• 5 min de lectura
  • por

Brunete planea multiplicar su población con 17.500 nuevas viviendas

Ricardo Rubio Español.News

Publicado por Ricardo Rubio

Brunete planea multiplicar su población con 17.500 nuevas viviendas Español.News
Brunete planea multiplicar su población con 17.500 nuevas viviendas

El Ayuntamiento de Brunete impulsa un plan urbanístico que podría elevar la población local de 11.000 a más de 60.000 habitantes. El proyecto reactiva debates sobre vivienda, movilidad y sostenibilidad en la región.

El municipio de Brunete, situado a 30 kilómetros de la Puerta del Sol, se prepara para una transformación radical. El Ayuntamiento ha reactivado un ambicioso plan urbanístico que contempla la construcción de 17.572 viviendas, lo que podría elevar la población local de los actuales 11.287 habitantes a cerca de 63.000 en los próximos años. Esta expansión, bautizada como Nuevo Brunete, responde a la presión demográfica y a la falta de vivienda asequible en Madrid capital, según datos municipales.

Las obras ya han comenzado en la zona más próxima a la capital, donde el movimiento de tierras marca el inicio de un proceso que cambiará la fisonomía del municipio. El proyecto, liderado por la alcaldesa Mar Nicolás, incluye un 42,4% de vivienda protegida y busca atraer a familias, jóvenes y emprendedores. Sin embargo, la magnitud del desarrollo ha generado inquietud entre los vecinos y la oposición, que temen una pérdida del carácter rural y un aumento de la dependencia del coche.

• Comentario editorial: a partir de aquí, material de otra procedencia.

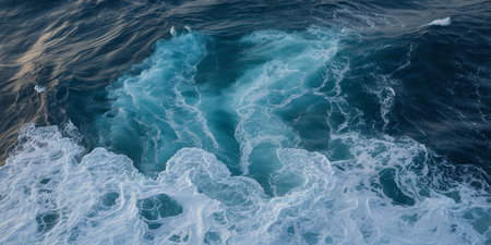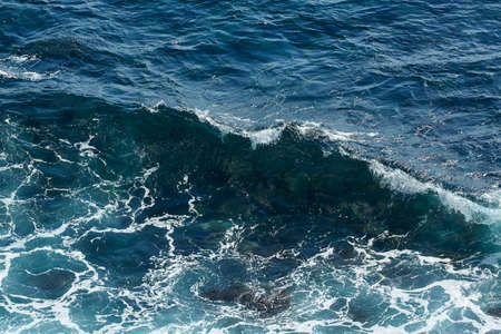 Deep blue ocean water with swirling waves and splashes. Top view of vibrant seascape with sea water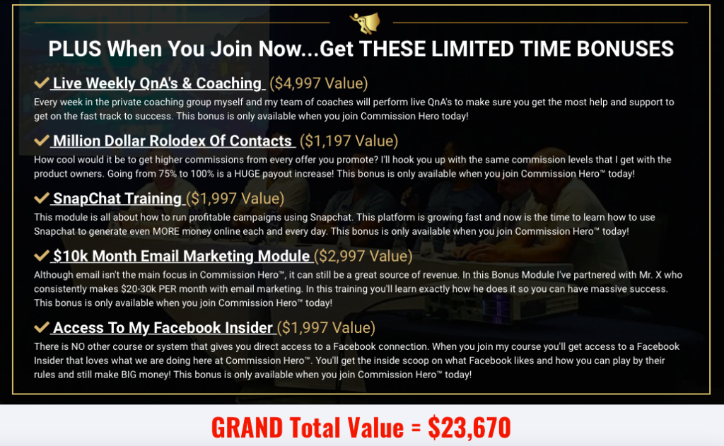 At the start of the article, we explained that most of the programs and/or products being sold have no real value. No one is buying it from you meaning it is essentially worth zero dollars the minute your credit card is charged. Scammers know this and it is why they assign massively inflated values to their add-ons and bonuses. Here are the entirely egregious Commission Hero product values.
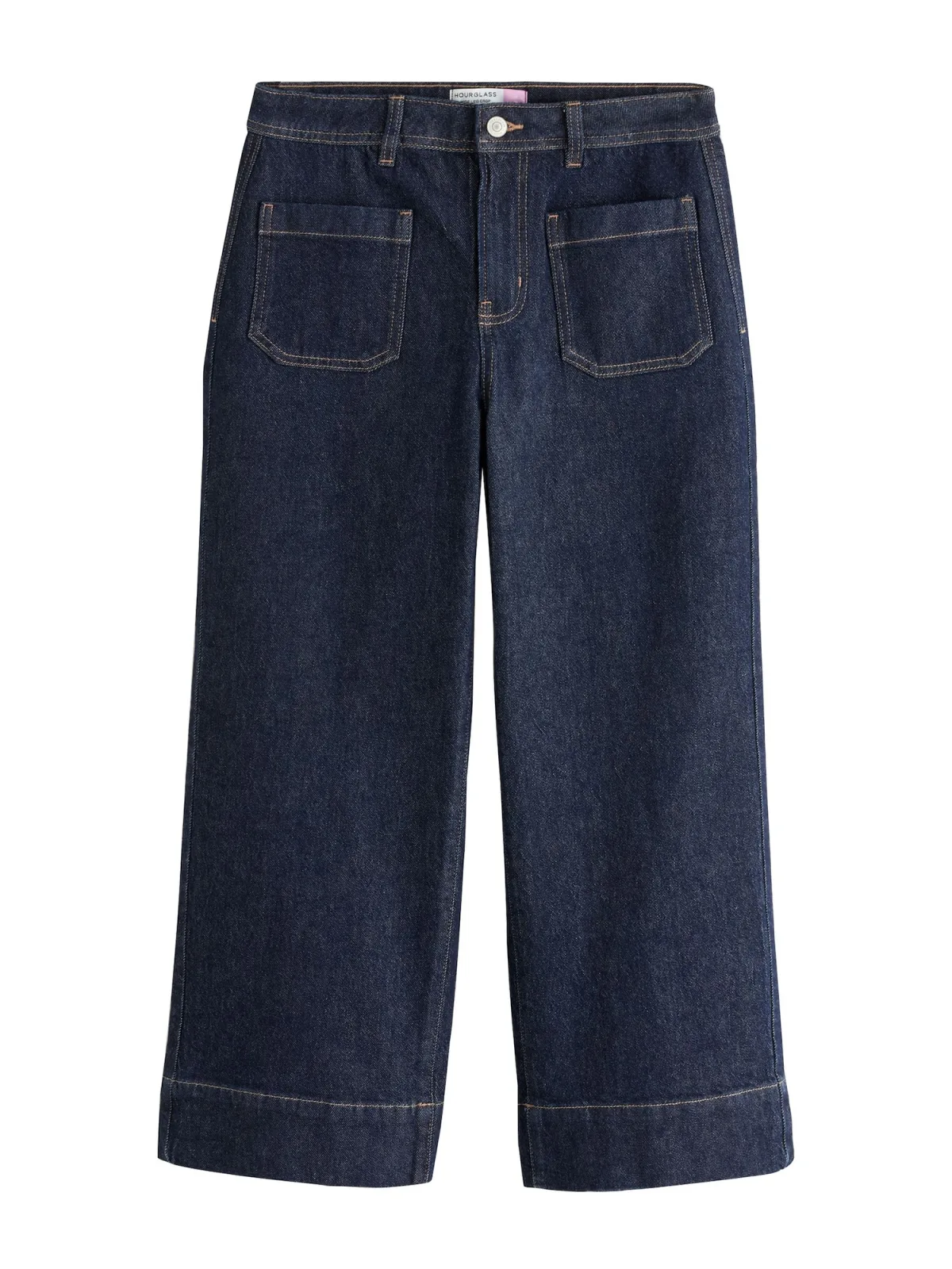 Design: Rechte zoom, Ritssluiting, Achterzak, Zakken aan de zijkant; Type sluiting: Ritssluiting; Materiaal: Denim; Motief: Effen; Extra’s: Contrasterende naden, Riemlussen; Wassing: Rinsed/dark washed; Lengte: 7/8 lengte; Pasvorm: Loosefit; Taillehoogte: Mid waist
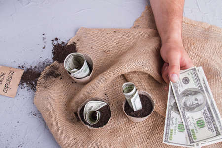 Capital and wealth growing concept. Dollar banknotes grow from fibre pots.

Brunete no es el único municipio de la Comunidad de Madrid que apuesta por el crecimiento acelerado. Localidades como El Molar, Paracuellos de Jarama y Tres Cantos también han presentado planes para multiplicar su parque residencial y absorber parte de la demanda que Madrid no puede cubrir. Este fenómeno recuerda a la expansión vivida durante la burbuja inmobiliaria, cuando muchos proyectos quedaron paralizados tras la crisis de 2008.

El debate sobre el modelo de desarrollo se intensifica ante la inminente aprobación de una nueva ley del suelo en Madrid, que podría facilitar la urbanización de terrenos naturales. Organizaciones ecologistas y urbanistas advierten sobre el riesgo de crear nuevas ciudades dormitorio y la posible pérdida de espacios verdes. El discurso político que impulsa la idea de un "Madrid DF" competitivo a nivel global añade presión a los municipios del entorno.

En las calles de Brunete, la llegada de inmobiliarias y el inicio de las obras ya se hacen notar, aunque la vida cotidiana mantiene su ritmo pausado. Algunos residentes ven en el proyecto una oportunidad para revitalizar el pueblo, mientras otros temen la masificación y el encarecimiento de la vivienda. La experiencia de municipios como Boadilla del Monte, donde el desarrollo disparó los precios y la demanda de servicios, alimenta el escepticismo local.

La falta de infraestructuras de transporte público, como Cercanías, y la insuficiencia de servicios básicos preocupan a la oposición y a plataformas vecinales. Temen que el crecimiento no sea sostenible y que se repitan los problemas de movilidad y saturación vividos en otras zonas del área metropolitana. El Ayuntamiento prevé que la construcción se extienda durante 15 o 20 años, pero la incertidumbre sobre los plazos y la viabilidad del proyecto persiste entre los habitantes.

El caso de Brunete se enmarca en una tendencia más amplia de expansión urbana en la Comunidad de Madrid, donde la presión sobre el mercado inmobiliario y la búsqueda de alternativas fuera de la capital están reconfigurando el mapa residencial. En este contexto, la gestión de los nuevos desarrollos y la capacidad de los municipios para adaptarse a los cambios serán determinantes para el futuro de la región. La situación recuerda a otras crisis recientes en municipios españoles, como la evacuación organizada en Bédar tras un grave incendio, donde la respuesta local fue clave para afrontar el impacto, según se relata en un reportaje sobre la gestión municipal en situaciones de emergencia.

En la actualidad, los precios de la vivienda en Brunete siguen siendo más bajos que en municipios vecinos como Boadilla o Villanueva de la Cañada, con pisos de segunda mano entre 200.000 y 400.000 euros y chalés que alcanzan los 700.000 euros. Sin embargo, la evolución del mercado dependerá del ritmo de las nuevas construcciones y de la capacidad del municipio para mantener su identidad y calidad de vida en medio de un crecimiento sin precedentes.

La experiencia de Brunete ilustra los retos y dilemas que enfrentan muchos municipios del entorno de Madrid: equilibrar la necesidad de vivienda asequible con la preservación del entorno y la calidad de los servicios públicos. El desenlace de este proceso marcará el futuro de la localidad y servirá de referencia para otras zonas en transformación.